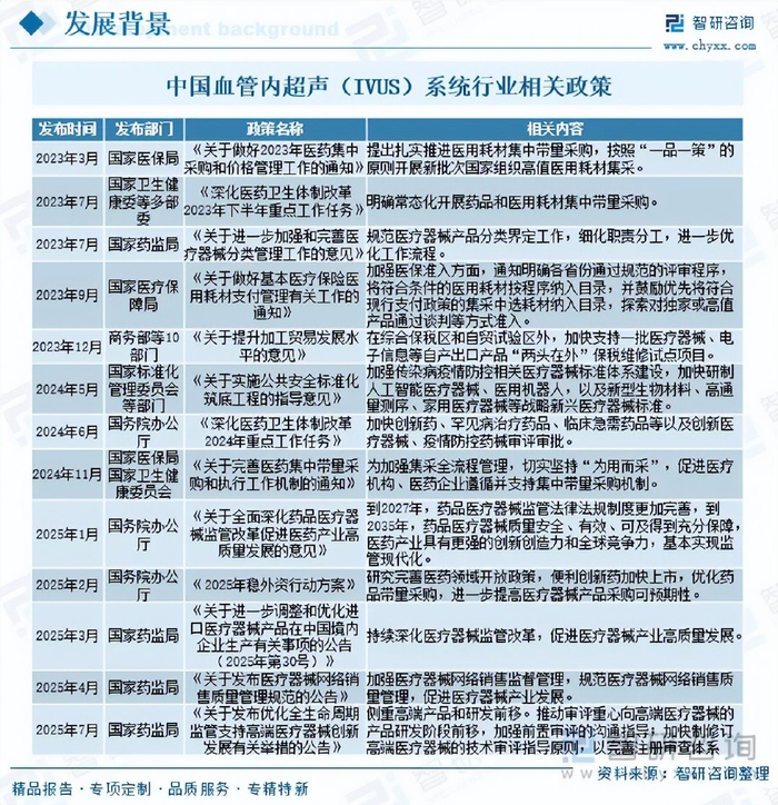 医疗器械产业是现代产业体系中具有较强成长性和带动性的战略性新兴产业,是实施“健康中国”战略的重要组成部分,因此,我国高度重视包括血管内超声(IVUS)系统在内的医疗器械产业发展,相继发布《关于做好2023年医药集中采购和价格管理工作的通知》《深化医药卫生体制改革2023年下半年重点工作任务》《关于进一步加强和完善医疗器械分类管理工作的意见》《关于做好基本医疗保险医用耗材支付管理有关工作的通知》《关于提升加工贸易发展水平的意见》《关于实施公共安全标准化筑底工程的指导意见》《深化医药卫生体制改革2024年重点工作任务》《关于完善医药集中带量采购和执行工作机制的通知》《关于全面深化药品医疗器械监管改革促进医药产业高质量发展的意见》《2025年稳外资行动方案》《关于进一步调整和优化进口医疗器械产品在中国境内企业生产有关事项的公告(2025年第30号)》《关于发布医疗器械网络销售质量管理规范的公告》《关于发布优化全生命周期监管支持高端医疗器械创新发展有关举措的公告》等一系列政策规范市场秩序,保障产品质量和患者安全,为我国血管内超声(IVUS)系统行业发展提供了良好的政策环境。
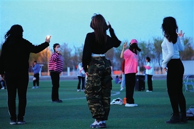 三五好友相约操场一起唱歌。马蕊/摄
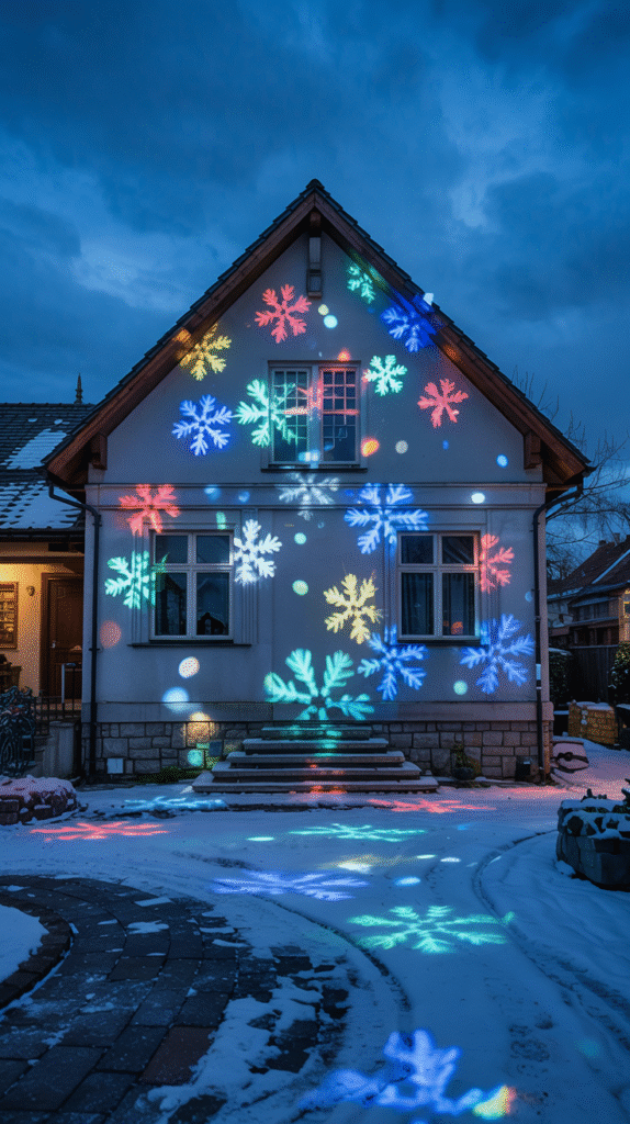 If you want low effort with high impact, try a light projector. I used one that displays snowflakes and another that mimics falling stars across the entire house front — mesmerizing and magical!
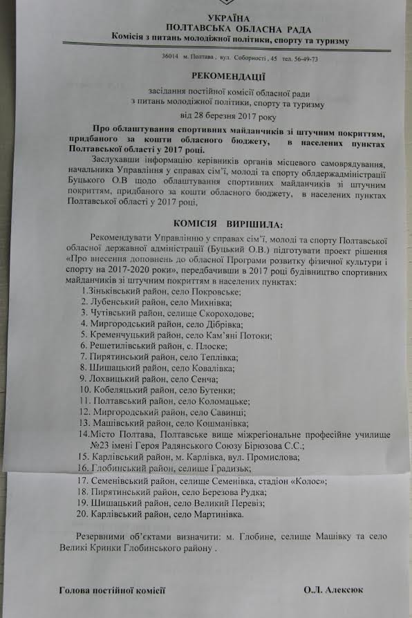Під Кременчуком у Кам'яних Потоках до кінця року з'явиться майданчик зі штучним покриттям. Загалом до жовтня планують зробити 20 майданчиків у 15 районах Полтавщини. За такий план спорудження депутати обласної ради проголосували під час засідання профільної комісії обласної ради. Раніше у плані було 18 об'єктів. Тим самим депутати рекомендували розглянути перелік на найближчій сесії, повідомляє прес-служба Полтавської обласної ради.
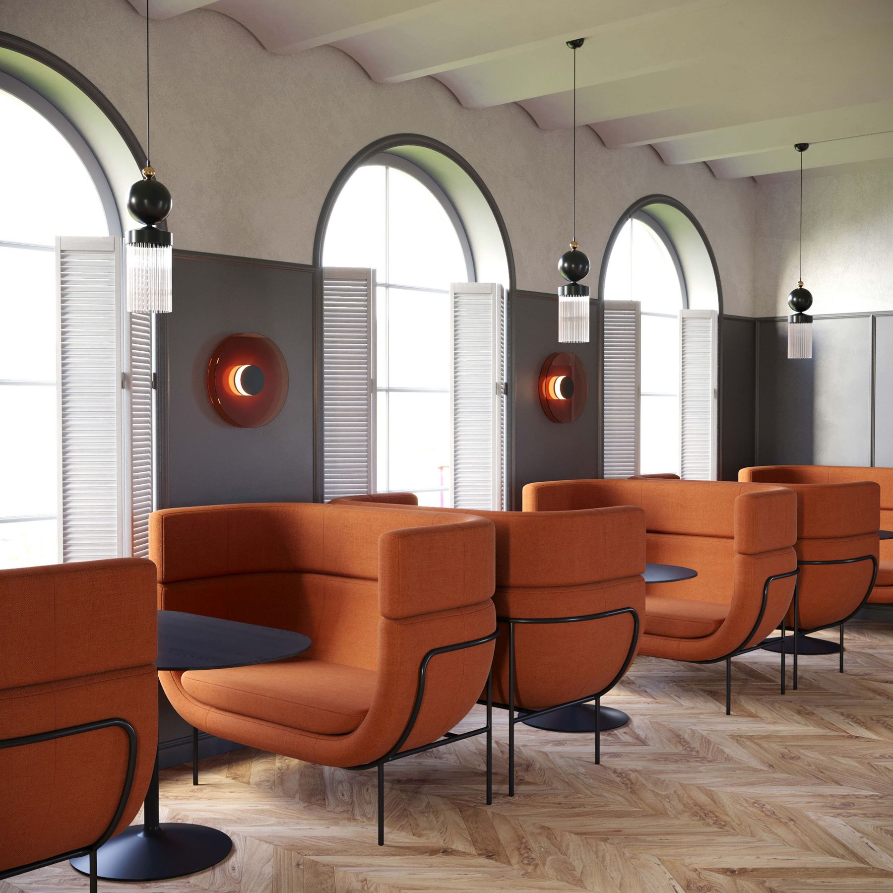Название Nid образовано от французского слова «гнездышко» — диван, создающий дружелюбную уютную атмосферу, отделяющий человека от суеты, помогающий сосредоточиться на разговоре или работе. Закрытая округлая формы защищают вас от внешнего мира и в то же время способствуют общению внутри. NID отлично подходят для использования в ресторанах, холлах и офисах, они формируют конфиденциальные и социально дистанцированные зоны для коммуникации. С помощью NID вы можете зонировать помещения с большой площадью и сформировать отдельные комфортные пространства внутри. Диваны доступны с двумя видами спинок, низкой и высокой, а также в двух размерах, на 2 или 3 персоны. Дизайн: Milodamalo По желанию заказчика доступна покраска в любой цвет по палитре RAL classic.
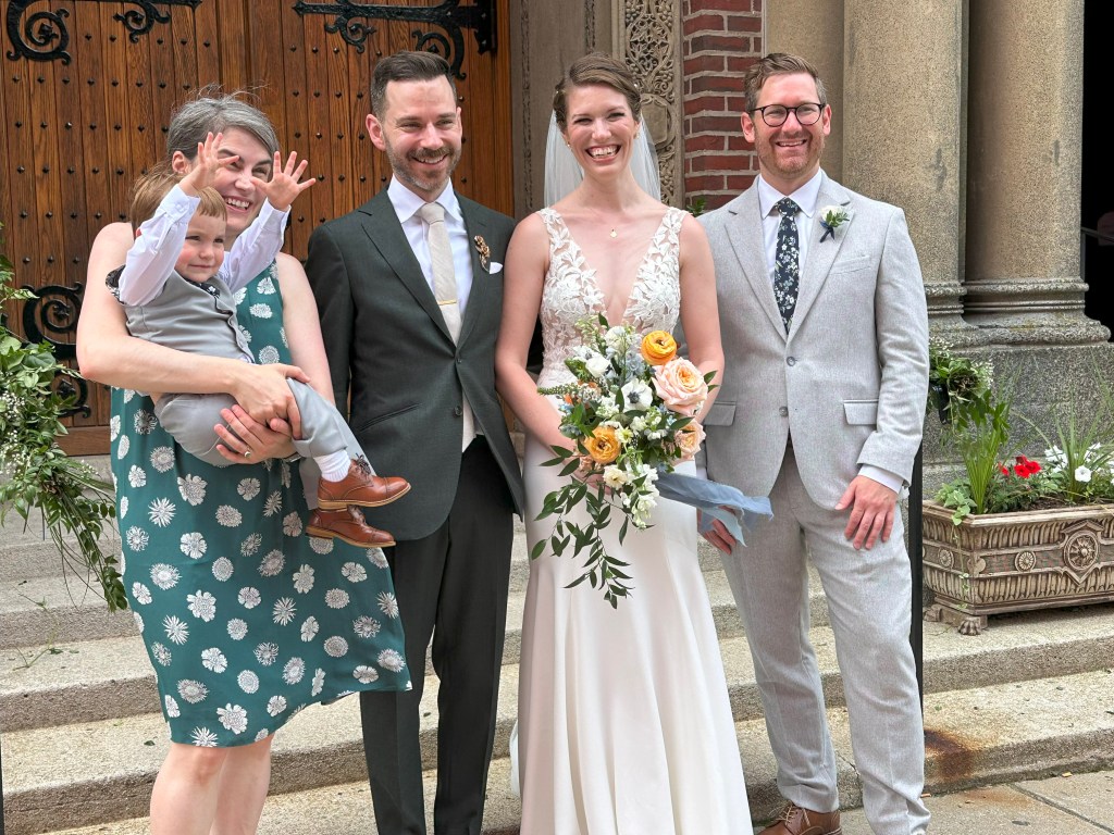 Ryan and Alison after their wedding, along with Alice, Asher and Ben, in Cambridge Massachusetts. July 15, 2023.
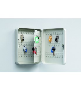 Praktyczna szafka na klucze z miejscem na 93 kluczy to idealne rozwiązanie do biur, hoteli, warsztatów czy domów. Wykonana z tłoczonej stali, zapewnia trwałość i odporność na codzienne użytkowanie. Wyposażona w stałe haczyki na klucze oraz dodatkową przegrodę ułatwiającą organizację. Mocowanie do ściany jest proste – w zestawie znajdują się akcesoria montażowe. Szafka wykończona została w eleganckim beżowym kolorze (epoxy), dzięki czemu estetycznie komponuje się w każdym wnętrzu. Solidna i funkcjonalna – idealna do bezpiecznego przechowywania kluczy.
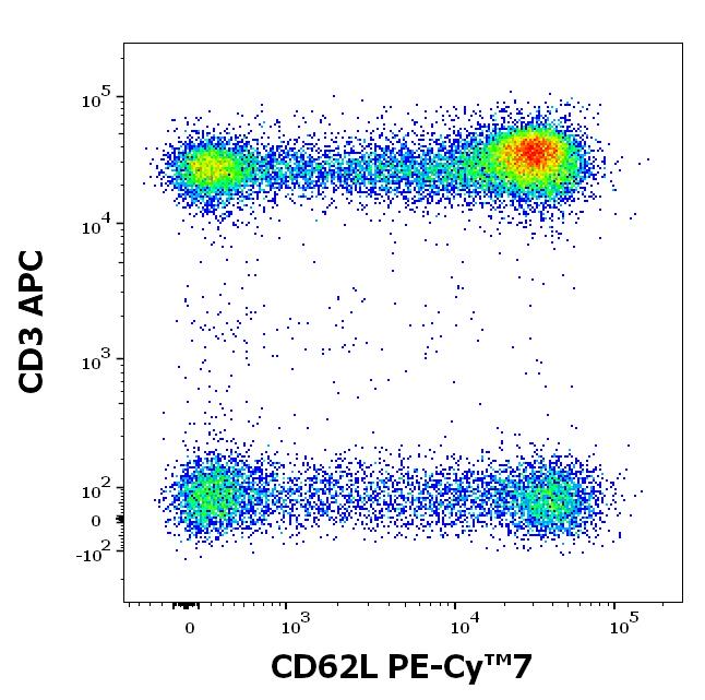 Graphic display: gated CD45 positive lymphocytes displayed as SingleFlowEx CD62L PE-Cy™7 versus CD3 APC
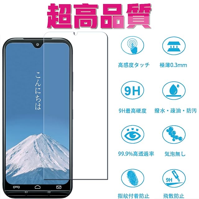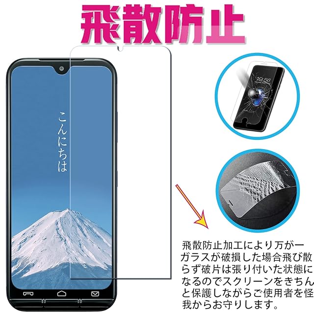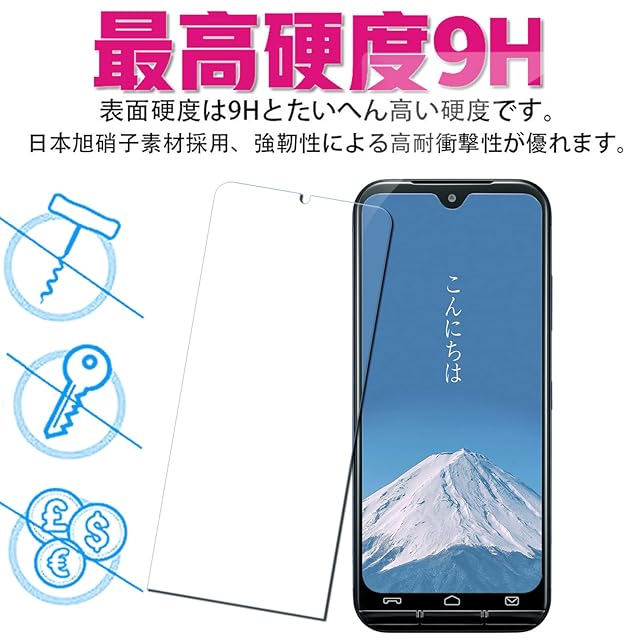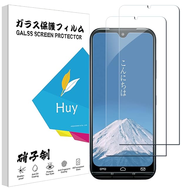 Huy あんしんスマホ KY-51B 用のガラスフイルム Kyocera ky 51b 用のフイルム【2枚セッ】 日本旭硝子製 強化ガラス 液晶 保護フィルム 貼り付け簡単 硬度9H 防指紋 透過率98.5%
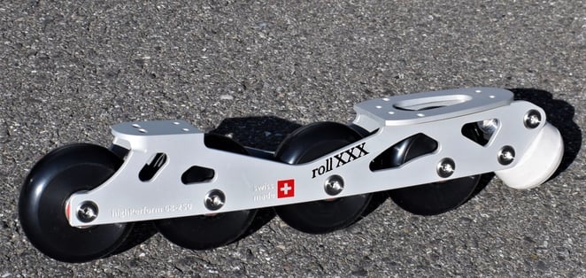 Der roll XXX -Frame kann problemlos auf die meisten Qualitäts-Schlittschuhe vom Fachgeschäft montiert werden.
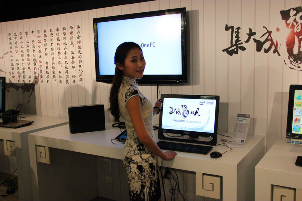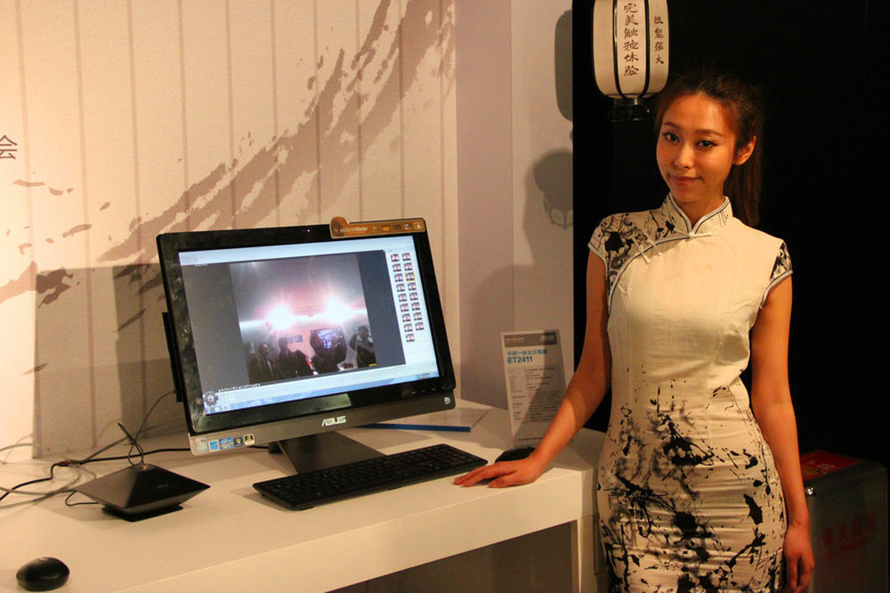闲暇时间,模特也情不自禁的玩起了华硕的一体电脑。18/26
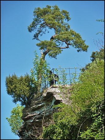 von Gebüsch umrankt, einsam über die tiefen Bergwälder schauend. (A. Becker)
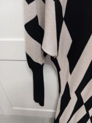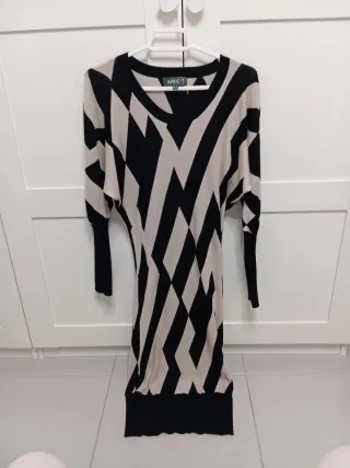 Vestido elástico con un llamativo estampado geométrico. -Tiene elástico y se adapta al cuerpo desde una talla 38/40. - Diseño de manga larga. - Corte ajustado. - Bajo y puños en contraste.
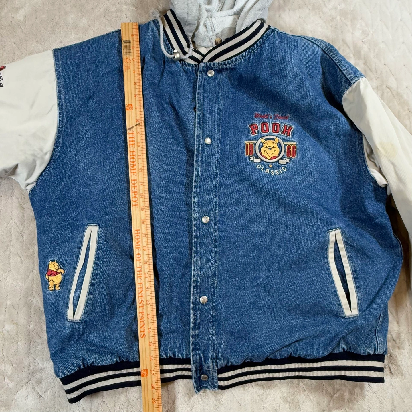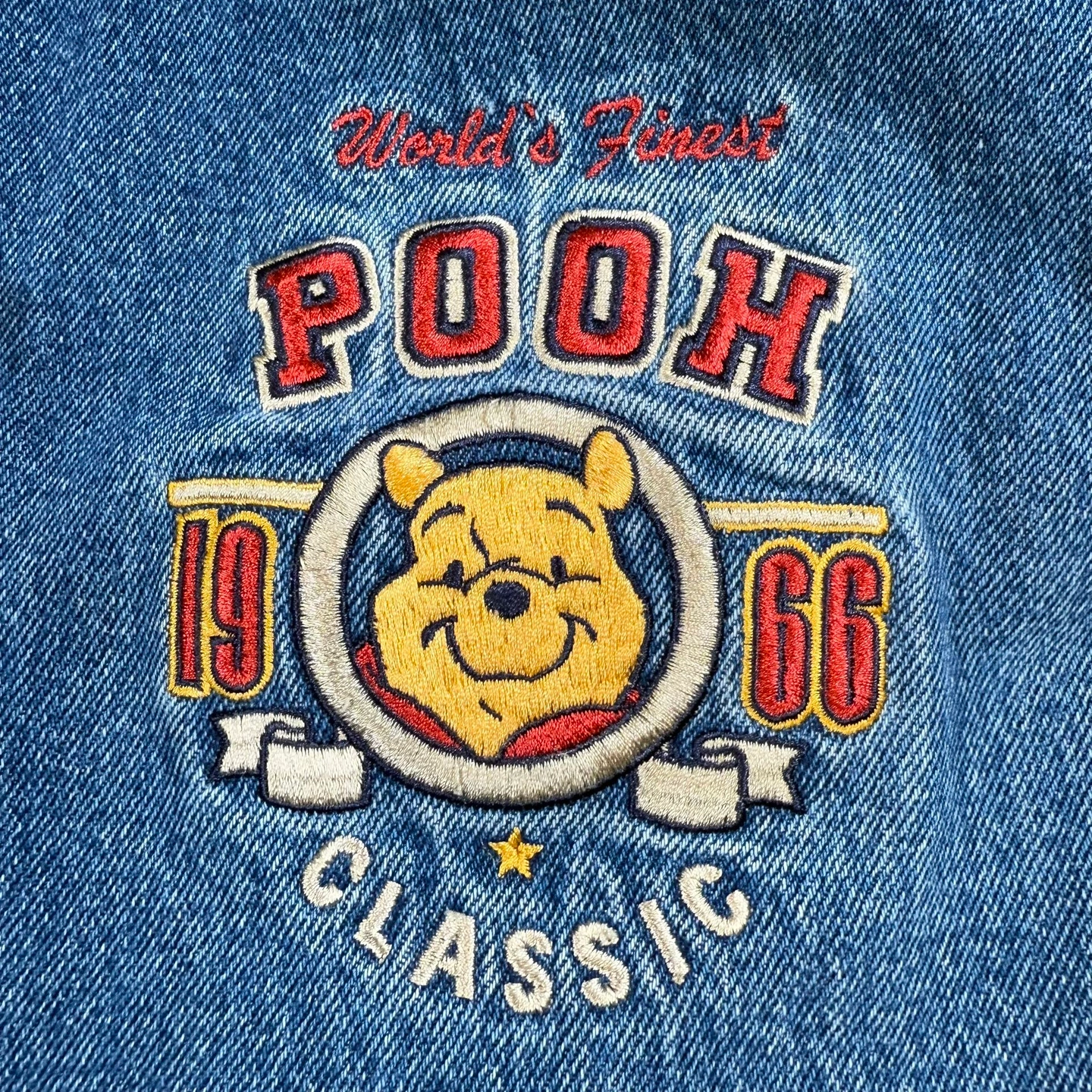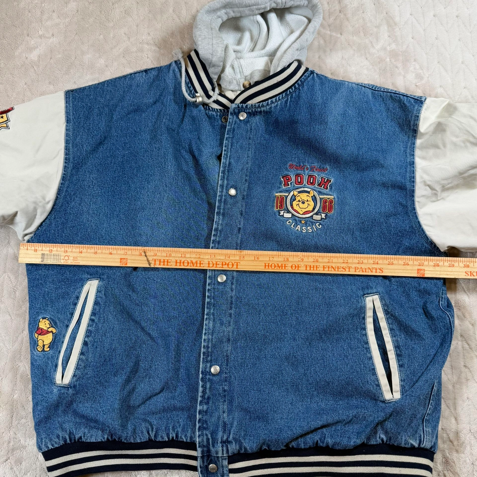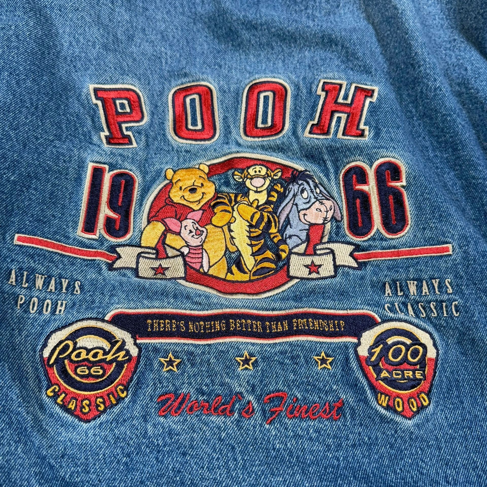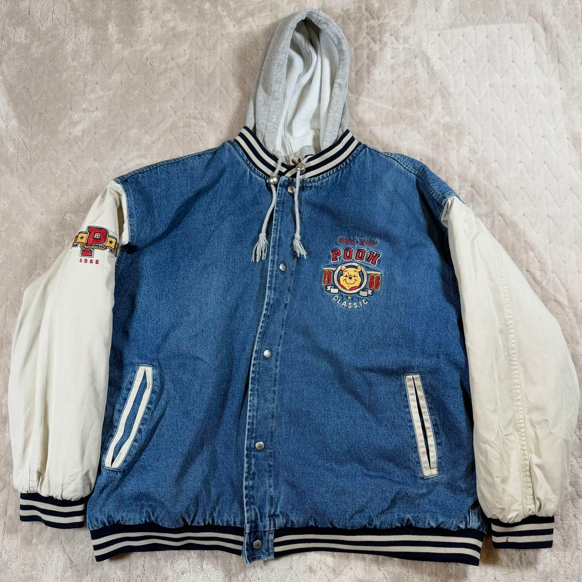 Vintage 90s Winnie The Pooh Disney Denim Varsity Bomber Jacket X
■ ■ ■ ■ ■ ■ ■
Pictures do not belong in the copy. Repeat only the lines from the top of the records through the line containing "If you want".

 医疗器械产业是现代产业体系中具有较强成长性和带动性的战略性新兴产业,是实施“健康中国”战略的重要组成部分,因此,我国高度重视包括血管内超声(IVUS)系统在内的医疗器械产业发展,相继发布《关于做好2023年医药集中采购和价格管理工作的通知》《深化医药卫生体制改革2023年下半年重点工作任务》《关于进一步加强和完善医疗器械分类管理工作的意见》《关于做好基本医疗保险医用耗材支付管理有关工作的通知》《关于提升加工贸易发展水平的意见》《关于实施公共安全标准化筑底工程的指导意见》《深化医药卫生体制改革2024年重点工作任务》《关于完善医药集中带量采购和执行工作机制的通知》《关于全面深化药品医疗器械监管改革促进医药产业高质量发展的意见》《2025年稳外资行动方案》《关于进一步调整和优化进口医疗器械产品在中国境内企业生产有关事项的公告(2025年第30号)》《关于发布医疗器械网络销售质量管理规范的公告》《关于发布优化全生命周期监管支持高端医疗器械创新发展有关举措的公告》等一系列政策规范市场秩序,保障产品质量和患者安全,为我国血管内超声(IVUS)系统行业发展提供了良好的政策环境。
 三五好友相约操场一起唱歌。马蕊/摄
 If you want low effort with high impact, try a light projector. I used one that displays snowflakes and another that mimics falling stars across the entire house front — mesmerizing and magical!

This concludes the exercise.